Information
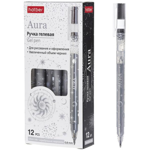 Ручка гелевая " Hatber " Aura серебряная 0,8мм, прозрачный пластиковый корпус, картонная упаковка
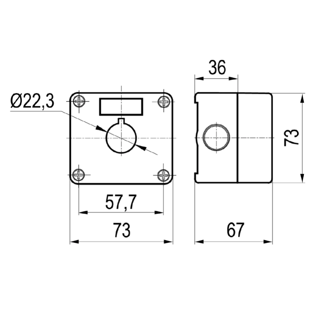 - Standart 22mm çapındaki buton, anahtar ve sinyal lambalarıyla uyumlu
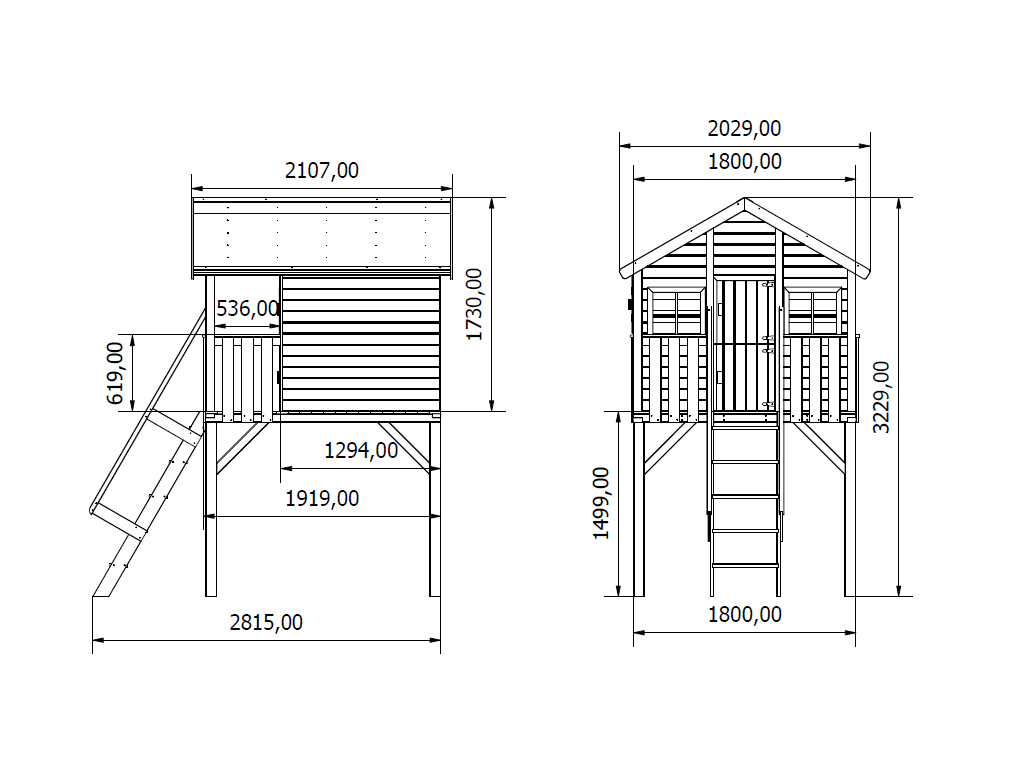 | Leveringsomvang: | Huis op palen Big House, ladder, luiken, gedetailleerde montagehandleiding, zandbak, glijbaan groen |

---

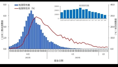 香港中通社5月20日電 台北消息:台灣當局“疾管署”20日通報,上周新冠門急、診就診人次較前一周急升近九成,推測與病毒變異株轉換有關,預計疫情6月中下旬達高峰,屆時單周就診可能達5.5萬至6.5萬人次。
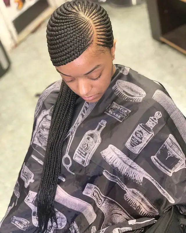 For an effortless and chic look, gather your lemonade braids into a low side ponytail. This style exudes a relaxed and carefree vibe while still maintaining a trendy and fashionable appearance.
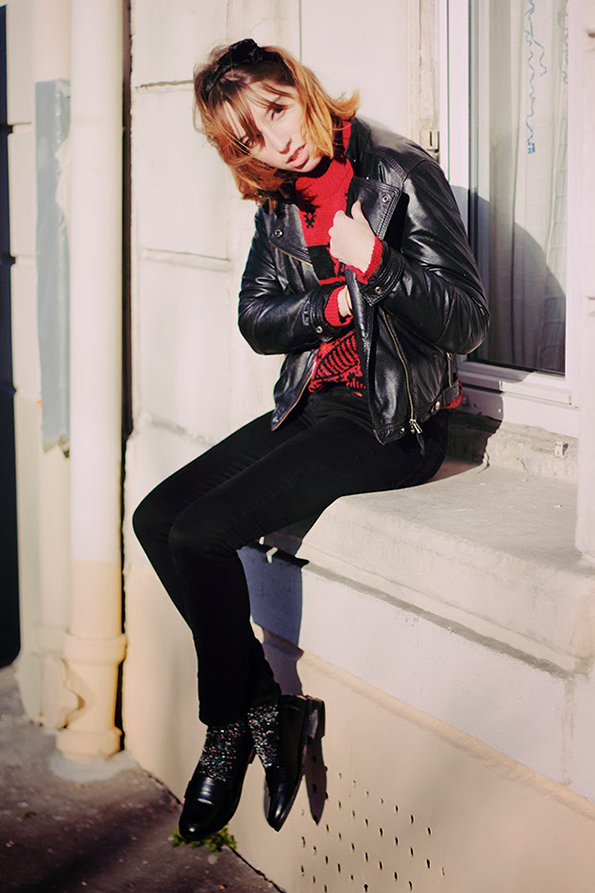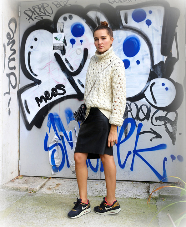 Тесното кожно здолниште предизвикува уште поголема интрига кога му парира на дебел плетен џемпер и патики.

---

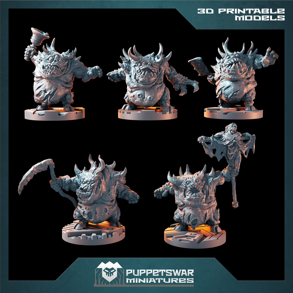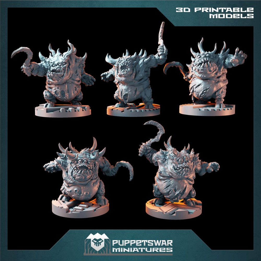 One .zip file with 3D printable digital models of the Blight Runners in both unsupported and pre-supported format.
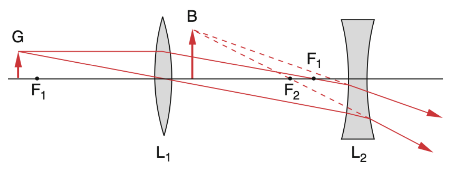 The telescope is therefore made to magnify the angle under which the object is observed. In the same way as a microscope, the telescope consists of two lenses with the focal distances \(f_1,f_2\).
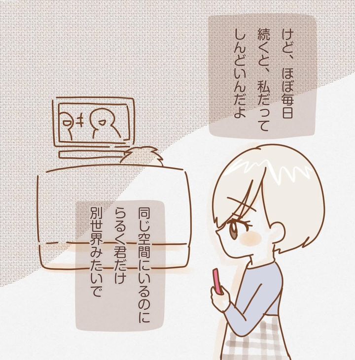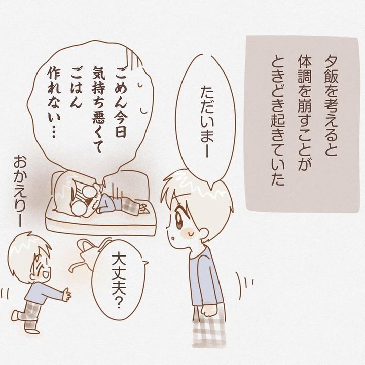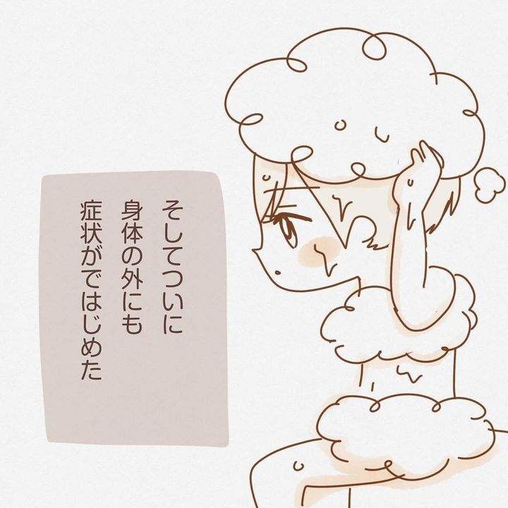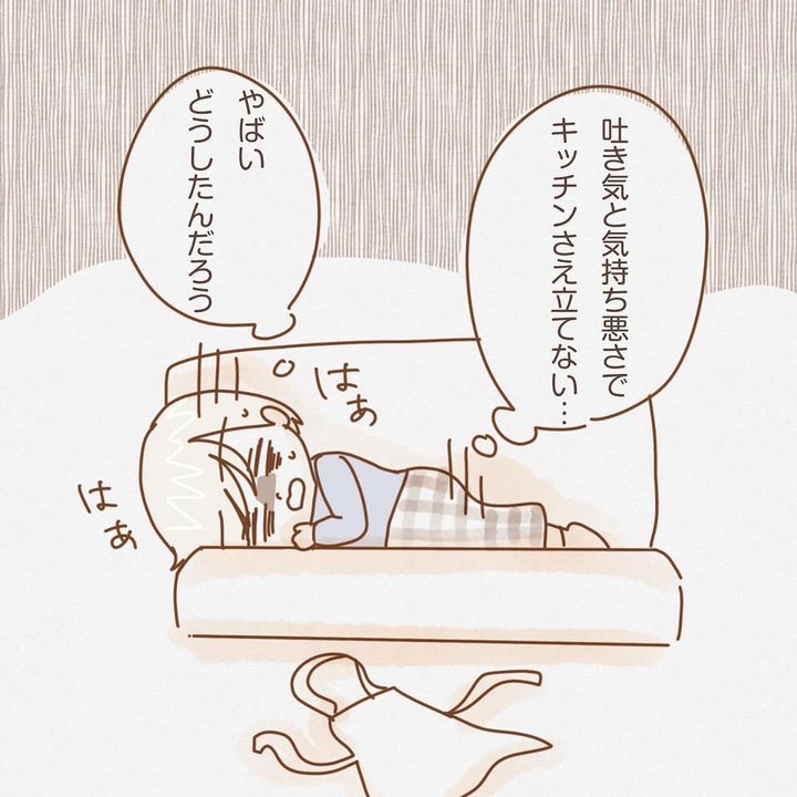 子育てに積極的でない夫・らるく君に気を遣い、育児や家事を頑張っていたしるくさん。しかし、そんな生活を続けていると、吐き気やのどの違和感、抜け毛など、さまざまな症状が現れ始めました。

What you are asked to do
Print exactly, with no pictures, the lines above from the one that holds "The telescope is" through the one that holds "子育てに積極的でない夫・らる", both of them included.

Exercise solution
 The telescope is therefore made to magnify the angle under which the object is observed. In the same way as a microscope, the telescope consists of two lenses with the focal distances \(f_1,f_2\).
 子育てに積極的でない夫・らるく君に気を遣い、育児や家事を頑張っていたしるくさん。しかし、そんな生活を続けていると、吐き気やのどの違和感、抜け毛など、さまざまな症状が現れ始めました。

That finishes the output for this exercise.